I read a total of 84 books. This was the year I read less romance than I’d read in a decade. However, what I read was superb so I really lucked out. My list here isn’t limited to books only published in 2015. It is a mixed bag of new releases, TBRs, and re-reads. I have three contemporaries, six historicals, and one contemporary from the 1950s that I read as a historical.
This Gun for Hire by Jo Goodman — This is my top romance book of the year. Calico is a bounty hunter. Quill is a lawyer, cattle rancher, and federal marshal. They meet in a brothel. She threatens to shoot him. And out of such improbable details comes a tender love story. Calico has had a tough upbringing but she revels in it and is proud of the unconventionality. Quill had a traditional upbringing but has a problematic relationship with his religious family. And yet the two are drawn together emotionally when they’re brought together to play bodyguards to a daughter-father duo. I liked the suspense aspect of the story as well. Itís nuanced and despite small details dribbled here and there, the answer is not obvious. The leads had disagreements, but there was no immature bickering. They settled their differences responsibly and respectfully. They are people I could like in real life.
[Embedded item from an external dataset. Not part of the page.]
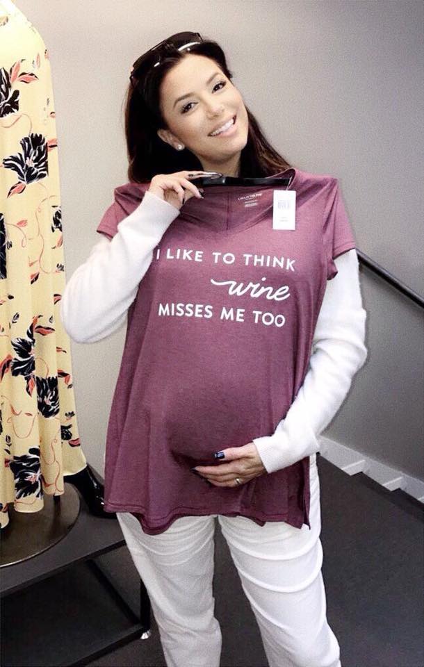 Desigur, consumul de bauturi alcoolice este strict interzis in perioada sarcinii, iar Eva nu se abate de la aceasta regula. Asta nu inseamna ca nu poate glumi, avand in vedere imaginea pe care a postat-o pe Instagram, pe tricou fiind scris textul: "Mi-ar placea sa cred ca si vinului ii este dor de mine".

Heartless by Mary Balogh — This is a Marriage of Convenience story with a dark thread twisting through the entire storyline. Lucas Kendrick, the Duke of Harndon, is a Paris exquisite, replete with a fan and stylized shoes. (Think Heyer’s Avon.) But these outward affectations belie the earnestness and sincerity of his character, and I really enjoyed the contrasts. Anna Marlowe is from the country and seemingly unaffected by the city she’s new to. When Anna and Lucas meet, they’re drawn to each other and that leads him to propose marriage to her on relatively short acquaintance. However, Anna’s past rears up its head and spoils their joy in each other. I really enjoyed seeing how Anna and Lucas negotiated their marriage, its shortfalls and successes, to make it all work.
By Possession by Madeline Hunter — A medieval by Hunter is a guaranteed good read. And this one proved to be the case as well. Addis and Moira knew each other as children: he a golden youth enamored with a golden girl, she a bondwoman’s daughter and the golden girl’s shadow. Moira was infatuated with Addis, while he barely knew of her existence. Fast forward to present day, Addis has returned from his crusade where for six of the eight years, he’d been enslaved. He resurrects bond-hood (is that a word?) for Moira even though she was a landholding serf. Adventures ensue with warfare, much emotional back-n-forth, and sexytimes. Through it all, the story remained well-paced and my immersion in it was total.
Charlie All Night by Jennifer Crusie — It was cute, it was tender, it was laugh-out-loud funny in places–altogether delightful. Allie is a primetime 6am radio show producer, who has an affair with her star. She gets dumped by him and from her job and is assigned to a 10pm to 2am slot with a newbie DJ. Of course, they strike sparks off each other despite both thinking the other is an unlikely bet in the beginning. This is a type of story that I’m very fond of because you can see the two of them falling in love slowly and unknowingly and then committedly. This is what makes for a satisfying romance read for me every time. I want to watch the unfurling of personalities and the blooming of love between them, knowing every step of the way why they’re right for each other and that this is forever.
The Adventurers by Michelle Martin — Don’t even ask how many times I’ve read this book. Michelle Martin is one of my absolute favorite traditional Regency writers. Her wit and her Heyeresque characters and plot make her very few books one of the highlights of whichever month I choose to re-read them in. This book has derring-do, a cross-dressing heroine, an imposing peer of the realm bested by our intrepid heroine, a worthy quest, noble sacrifice, and laughter. And implausibility of plot. But who cares? I was enjoying reading the book too much to be bothered about practicality and reality.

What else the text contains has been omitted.